3. Post-Mortem Debugging
You can also start the debugger after an exception has occurred:
import pdb
try:
# Some code that might raise an exception
result = 10 / 0
except:
pdb.post_mortem() # Start the debugger at the point of the exception
Basic Debugging Commands
Once the debugger is running, you can use various commands to control execution and examine the program state:
Command | Description |
---|---|
h or help | Show list of available commands |
q or quit | Exit the debugger |
c or continue | Continue execution until next breakpoint |
n or next | Execute the current line and move to the next line (doesn’t enter functions) |
s or step | Step into a function call |
r or return | Continue execution until the current function returns |
l or list | Show the current position in the code |
p expression | Print the value of an expression |
pp expression | Pretty-print the value of an expression |
w or where | Show the current call stack |
b or break | Set a breakpoint |
clear | Clear breakpoints |
u or up | Move up one level in the call stack |
d or down | Move down one level in the call stack |
Here’s a sample debugging session:
> my_script.py(7)calculate_average()
-> average = total / len(numbers)
(Pdb) p total
15
(Pdb) p len(numbers)
5
(Pdb) p numbers
[1, 2, 3, 4, 5]
(Pdb) n
> my_script.py(8)calculate_average()
-> return average
(Pdb) p average
3.0
(Pdb) c
The average is 3.0
Practical Debugging Techniques
Setting Conditional Breakpoints
You can set breakpoints that only trigger when certain conditions are met:
import pdb
def process_items(items):
results = []
for i, item in enumerate(items):
processed = item * 2
if i == 3:
pdb.set_trace() # Only break at the 4th item (index 3)
results.append(processed)
return results
process_items([5, 10, 15, 20, 25, 30])
Alternatively, using the debugger console:
(Pdb) b my_script.py:7, i > 10
Breakpoint 1 at my_script.py:7
(Pdb) c # Continue until the condition is met
Examining Variables and Call Stack
When your program behaves unexpectedly, it’s often because variables don’t contain what you think they do. The debugger lets you examine them:
(Pdb) p locals() # Print all local variables
{'items': [5, 10, 15, 20, 25, 30], 'results': [10, 20, 30], 'i': 3, 'item': 20, 'processed': 40}
(Pdb) pp locals() # Pretty-print for better formatting
{'i': 3,
'item': 20,
'items': [5, 10, 15, 20, 25, 30],
'processed': 40,
'results': [10, 20, 30]}
To see how you got to the current point, examine the call stack:
(Pdb) w
my_script.py(11)<module>()
-> process_items([5, 10, 15, 20, 25, 30])

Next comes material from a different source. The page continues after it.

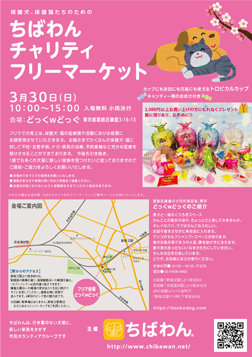 3月30日(日)に葛飾区ドッグカフェ”どっくwどっぐ”にてチャリティフリマを開催することになりました!いぬ親会会場としても利用させて頂いております”どっくwどっぐ”でのチャリティフリマです。 チャリティグッズや全国の皆様がご寄付して下さったフリマ物資を販売させて頂きます! フリマでの売上は、医療費や活動における経費に全額使用させていただいております。おかげさまでたくさんの保護犬・猫に対して不妊去勢手術、怪我や病気の治療、予防接種など、十分な医療を受けさせることができております。今後も引き続き、1頭でも多くの犬猫に新しい家族を見つけたいと思っておりますので、ご援助・ご協力をよろしくお願いいたします。 是非ご家族、お友達と一緒に遊びに来て下さい。思わぬ掘り出し物が見つかるかもしれません!

> my_script.py(7)process_items()
-> pdb.set_trace()
Modifying Variables During Debugging
One powerful feature of the debugger is the ability to modify variables on the fly:
(Pdb) p item
20
(Pdb) item = 100
(Pdb) p processed
40
(Pdb) processed = 200
(Pdb) c # Continue execution with modified values
This allows you to test fixes without restarting the program.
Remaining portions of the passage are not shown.